This paper, "Pixel-SAIL: Single Transformer For Pixel-Grounded Understanding" (Zhang et al., 14 Apr 2025 ), introduces Pixel-SAIL, a novel approach for fine-grained pixel-level understanding tasks like referring segmentation and visual prompt-based question answering. The core idea is to significantly simplify the architecture of Multimodal LLMs (MLLMs) for these tasks by using only a single transformer, moving away from the complex pipelines that combine LLMs with separate vision encoders (like CLIP) and segmentation experts (like SAM). This aligns with the recent trend of "encoder-free" SAIL (Single trAnsformer as a unified vIsion-LLM) designs.

Existing pixel-wise MLLMs, such as LISA, PixeLLM, and GLaMM, achieve strong performance but rely on integrating multiple specialized components. Pixel-SAIL demonstrates that a single transformer can achieve comparable or superior results with a much simpler design.

The paper first describes a "Plain Baseline" built on an encoder-free MLLM. This baseline attempts pixel tasks by reshaping vision tokens into features and using segmentation tokens or pooling for visual prompts.

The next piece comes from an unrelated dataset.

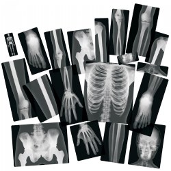 4 years & up. Introduce the skeletal system to children with this complete x-ray set! Hold these life-sized human x-rays up to the light or use them on a light table and see every authentic detail of a real skeletal system. Arrange the 18 pieces together to reproduce the entire body of a young adult. 5' tall. Teacher guide included.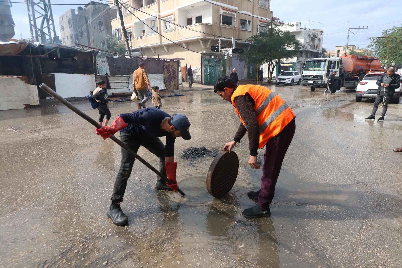 صور توثّق جهود طواقم بلدية النصيرات في مواجهة آثار المنخفض الجوي

However, this naive approach suffers from poor mask quality due to the low resolution of vision tokens and struggles with visual prompt understanding because pooled patch embeddings lack sufficient semantic information.

To address these limitations while maintaining architectural simplicity, Pixel-SAIL introduces three key technical improvements:

Learnable Up-sampling Module: This module refines low-resolution visual tokens by upscaling them to a higher resolution (e.g., from $H/S \times W/S$ to $H/4 \times W/4$) using simple transposed 2D convolutions and depth-wise convolutions. This provides the necessary high-resolution features for accurate pixel-level grounding, directly impacting segmentation mask quality.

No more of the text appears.